High Interest Savings Account Rates

Choosing the best savings account boils down to the two most important factors: a high interest rate and customer service. Obviously you’d like to have the highest interest rate since you’d like to be earning the most money as possible on your investment – you don’t want to lose purchasing power and have your buying power eaten up by inflation, if you can avoid it.

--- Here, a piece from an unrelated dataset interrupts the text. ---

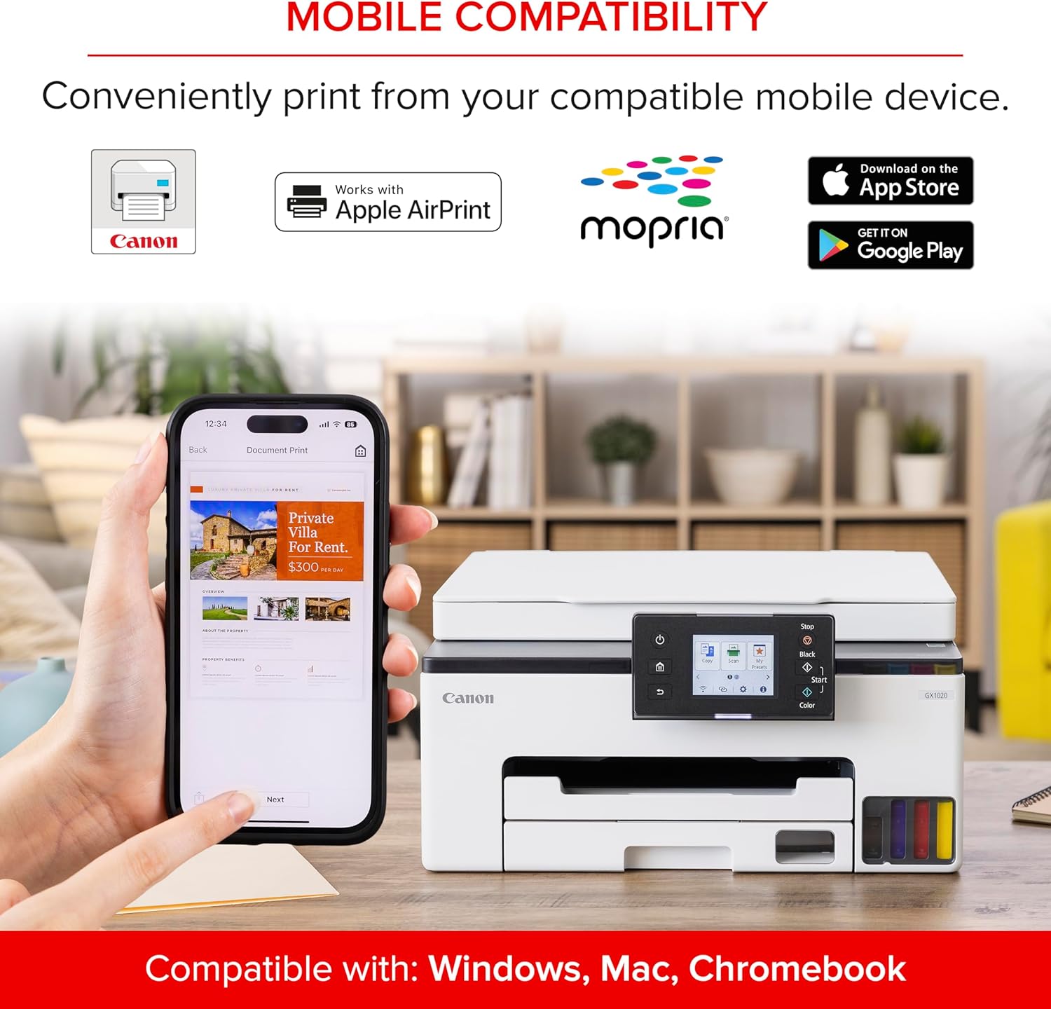 The Canon MegaTank GX1020 All-in-One Printer offers high-quality, low-cost printing for both home and office environments. With its MegaTank ink system, wireless connectivity, and versatile features, this printer is designed to enhance productivity and provide peace of mind.
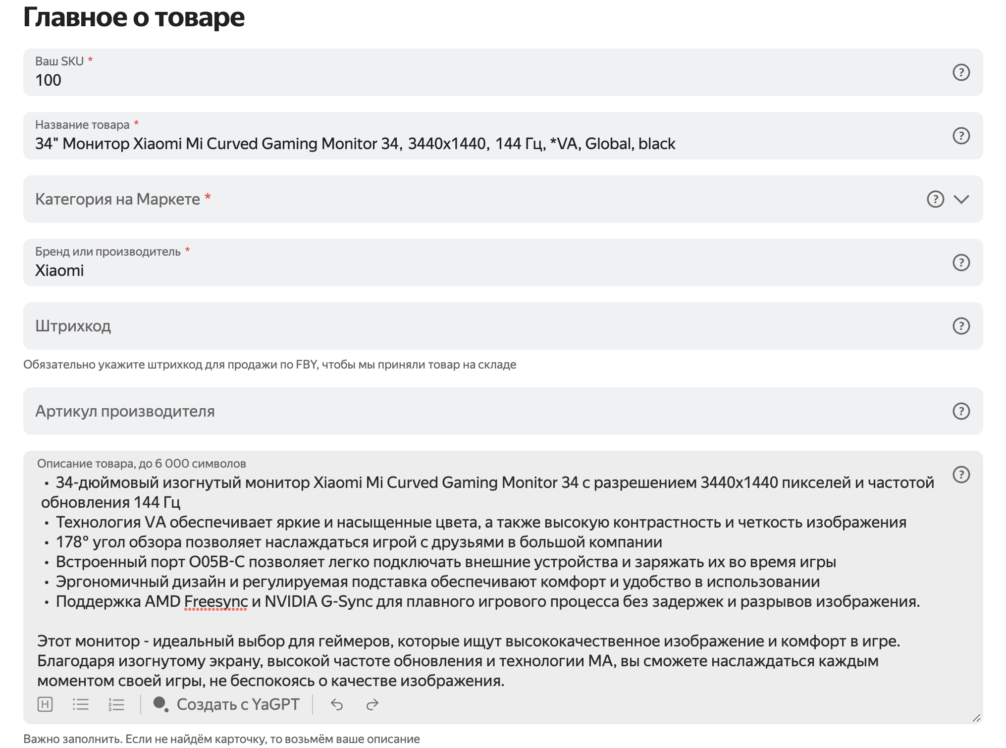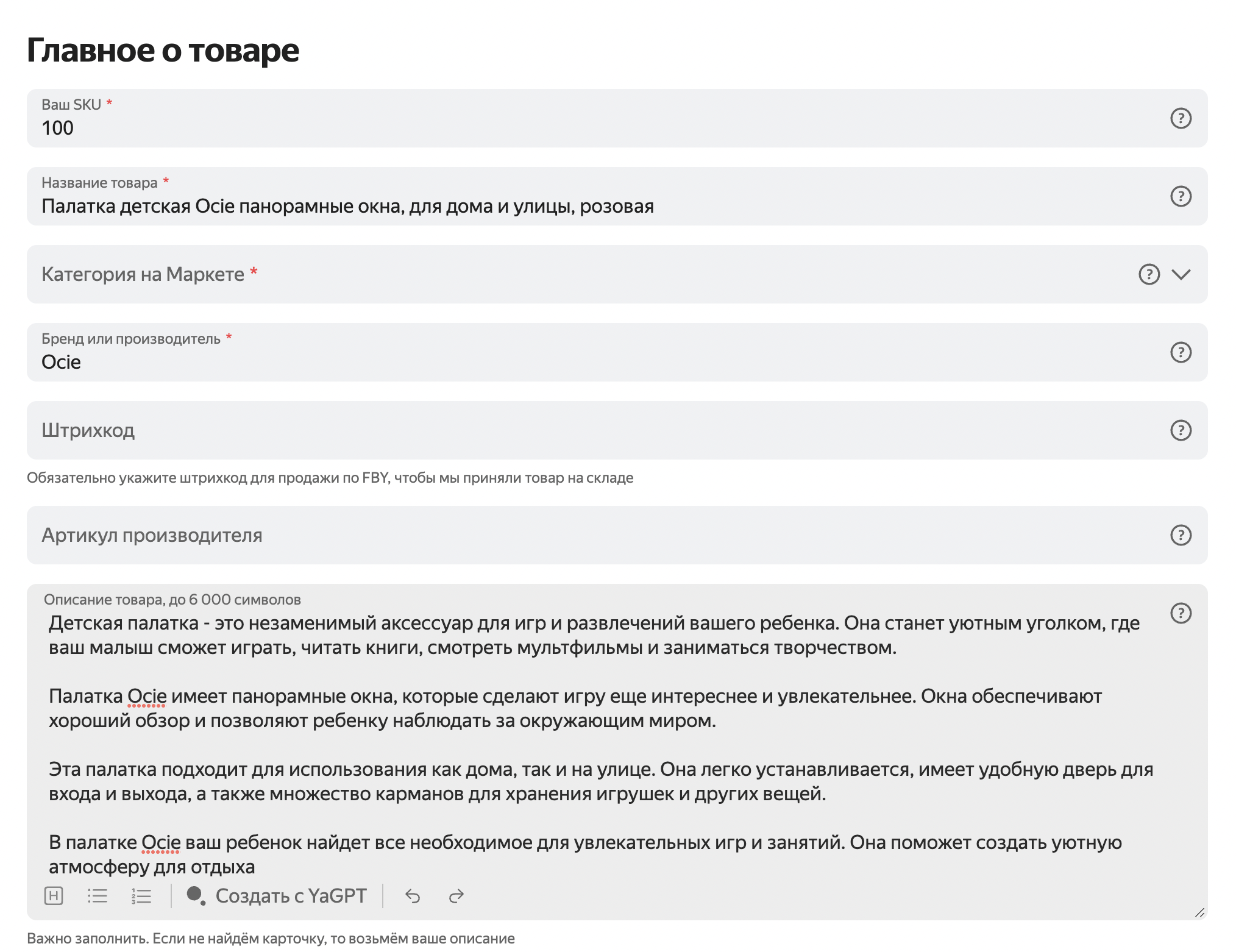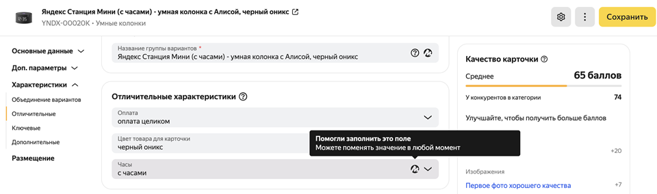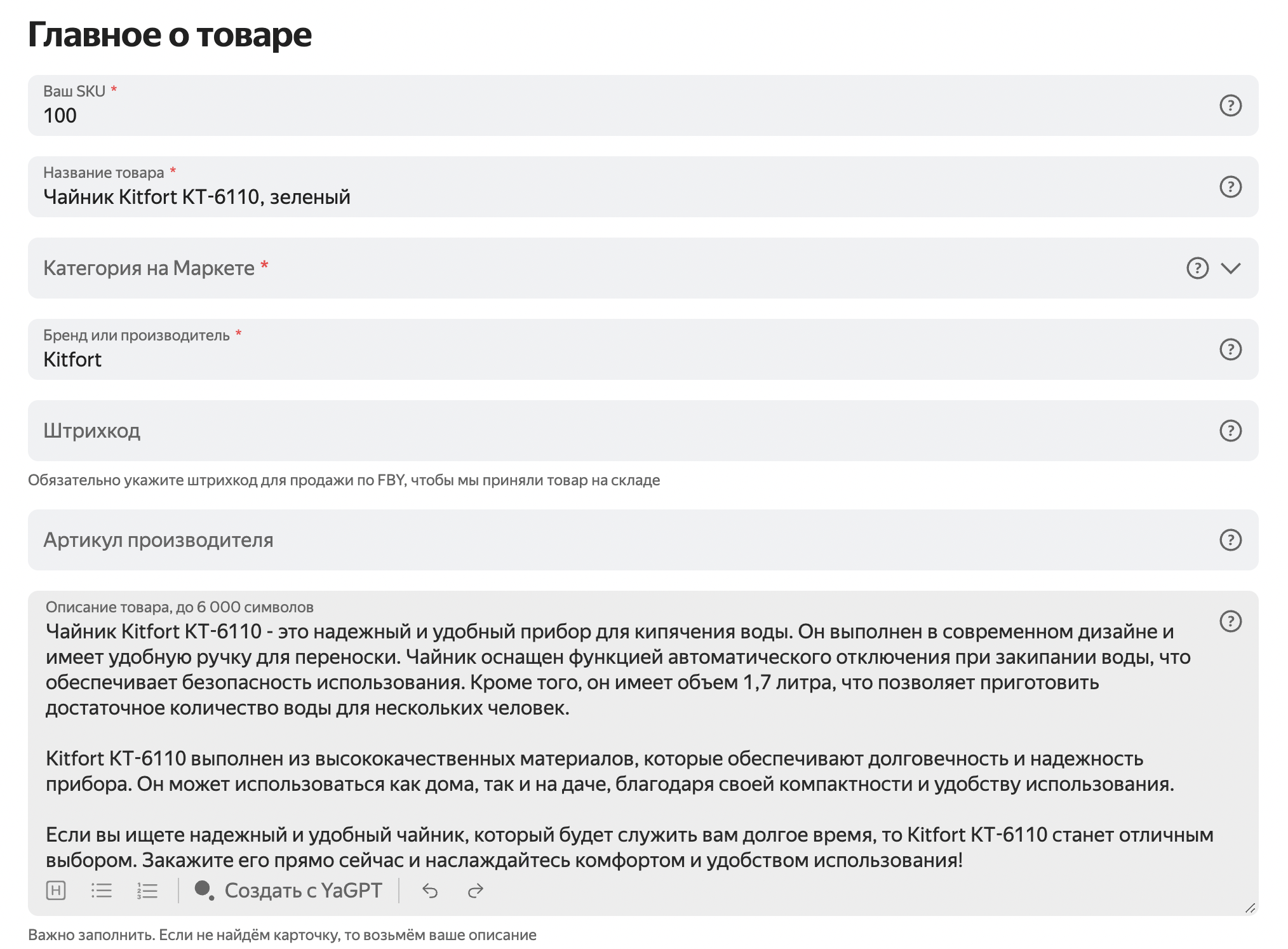 Маркет может помочь с заполнением карточек, если вы разрешите. Если каких-то данных на карточке не хватает, с помощью инструментов искусственного интеллекта они подставятся автоматически. Например, в описании вы указали цвет товара, но поле Цвет в карточке не заполнили и оставили пустым — после проверки карточки Маркетом информация появится в нем автоматически, вместе со специальной отметкой.

Customer service is also important. Service factors such as being able to access your accounts through an easy to use and reliable website become important. Also being able to engage with a customer service representative easily is important for responding to your questions. This is another vote for trying out different banks – to make sure that you are comfortable with a financial institution prior to socking a sizeable chunk of your money.

So I’ve scoured the web by researching “high interest savings account,” “high yield savings account” and “money market account” and here are the offers that I was able to aggregate. All of these accounts are FDIC Insured.

All rates provided are current as of November 10, 2010.

  • Everbank is currently offering their YieldPledge Money Market Account with a promotional 3 month bonus rate of 2.01%, and a 1.34% first year APY (note that this is on balances only up to $50k – larger balances would have a lower rate). Everbank is an web-only bank and has no physical branches. On the upside, it has been named “Best of the Web” by Forbes, and “Best of Breed, Online Banks” by Money Magazine. They also offer high yield checking and CDs.
  • American Express Bank is offering a competitive 1.30% APY on its High Yield Savings Account. The charge card brand known for its excellent customer service became a bank in 2008, and launched stand-alone savings products in 2009 – they are a newcomer to the deposits scene. This is one I haven’t had experience with – has anyone opened an account or can talk about their experiences here?
  • Sallie Mae Bank is a newcomer to the deposits accounts space – they are much better known as a company that provided federal and private student loans. However in mid-2009 they started offering a savings account and CD product. And you know what – their rate is currently very competitive at 1.30% APY. No minimum balance to earn this rate, and no monthly fees. They also will match up to 10% of UPromise earnings if you have a Upromise account.
  • Discover Bank is currently offering a very competitive 1.25% APY on it’s saving account product. Like American Express, I typically think of Discover for its credit card division, and don’t know much about their service. Does anyone have any input on or experience with Discover Bank?
  • Ally Bank is currently offering 1.19% APY on their online savings account. There are no minimum balance requirements, and no monthly fees associated with this savings account. Ally Bank had its roots in the now defunct GMAC Bank, but it has since done very well and was chosen by Kiplinger as the Best Savings Account for 2009.
  • FNBO Direct is another well-known online bank with a web savings account that is currently offering 1.10% APY with no minimum balance required and no monthly fees. This is the online division of the First National Bank of Omaha (who knew Omaha had such a strong online financial presence!). FNBO Direct was rated the Best Online Savings Account in 2008 by Kiplinger.
  • ING Direct was the first online-only savings account that I signed up for several years back when they were offering to deposit $25 into a savings account just for opening it. Hey, $25 is $25, so I signed up, and found it extremely easy to use. ING Direct is currently offering 1.10% APY on their Orange Savings Account (love that bright orange ball). Although they don’t have the highest rates right now, they’re still higher than many national banks like Bank of America who are offering next to nothing on their rates. I’ve kept them, but am putting most of my money into other accounts with higher rates. They have no minimums and no fees.
  • HSBC Advance is offering a 1.10% APY. They have no minimums and no fees. They used to be called HSBC Direct, and they are also one of the online banks with the strongest reputations.

Savings Account Tip

Many folks including myself have multiple savings accounts to manage their money. I have an online savings account solely dedicated to paying my property taxes at the end of the year – I’ve set up automatic deductions from my checking account on a bi-weekly basis (on the days my direct-deposited paycheck hits) so that the money automatically gets swept from checking into savings before I have a chance to feel like my checking account is nice and full and spend it. It’s a little bit of a trick – but it works. I never go into that account to draw down the cash, and I end up with enough to pay my property taxes.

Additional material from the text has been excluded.